• [ACTION ITEM]: Given the entries below, would you transcribe exactly the lines starting at the one with "Брюки прямые свободные, посадка" and ending at the one with "Owlet Dream Sock", both kept, pictures omitted, nothing extra?

• [EXTRACTED ENTRIES]:
——————————

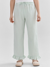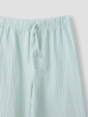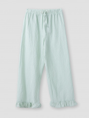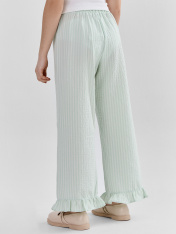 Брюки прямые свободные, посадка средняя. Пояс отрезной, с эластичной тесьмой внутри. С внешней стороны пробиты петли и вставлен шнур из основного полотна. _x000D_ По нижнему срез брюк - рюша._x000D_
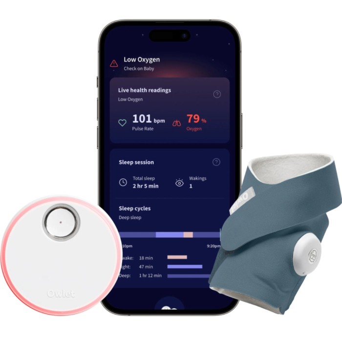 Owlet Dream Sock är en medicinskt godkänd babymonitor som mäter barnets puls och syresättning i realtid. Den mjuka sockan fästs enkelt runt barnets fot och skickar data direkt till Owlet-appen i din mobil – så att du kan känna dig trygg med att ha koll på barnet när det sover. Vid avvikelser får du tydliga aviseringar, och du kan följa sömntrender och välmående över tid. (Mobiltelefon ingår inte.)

——————————

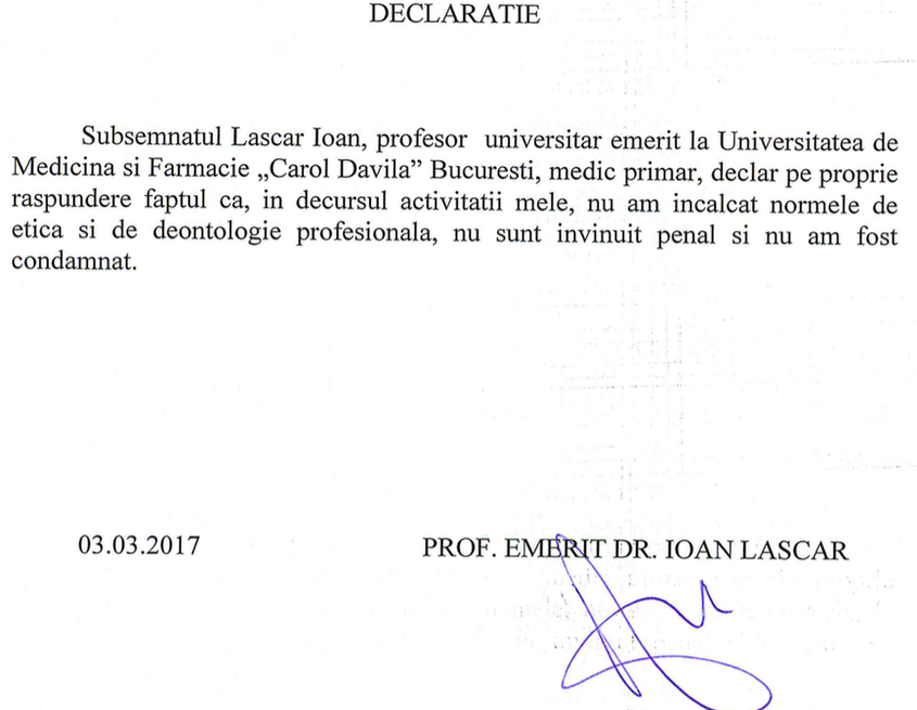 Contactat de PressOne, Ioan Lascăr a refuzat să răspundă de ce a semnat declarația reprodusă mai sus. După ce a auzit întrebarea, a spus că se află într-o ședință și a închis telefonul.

——————————

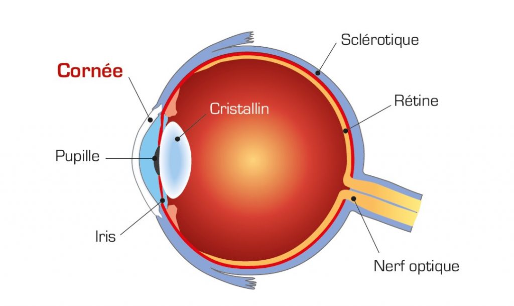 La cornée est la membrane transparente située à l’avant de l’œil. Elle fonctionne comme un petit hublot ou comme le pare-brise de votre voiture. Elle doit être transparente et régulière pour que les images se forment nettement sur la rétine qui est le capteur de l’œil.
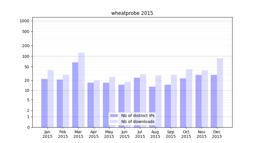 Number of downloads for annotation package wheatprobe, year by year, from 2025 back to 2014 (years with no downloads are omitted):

——————————

• [EXERCISE OUTPUT]:
 Брюки прямые свободные, посадка средняя. Пояс отрезной, с эластичной тесьмой внутри. С внешней стороны пробиты петли и вставлен шнур из основного полотна. _x000D_ По нижнему срез брюк - рюша._x000D_
 Owlet Dream Sock är en medicinskt godkänd babymonitor som mäter barnets puls och syresättning i realtid. Den mjuka sockan fästs enkelt runt barnets fot och skickar data direkt till Owlet-appen i din mobil – så att du kan känna dig trygg med att ha koll på barnet när det sover. Vid avvikelser får du tydliga aviseringar, och du kan följa sömntrender och välmående över tid. (Mobiltelefon ingår inte.)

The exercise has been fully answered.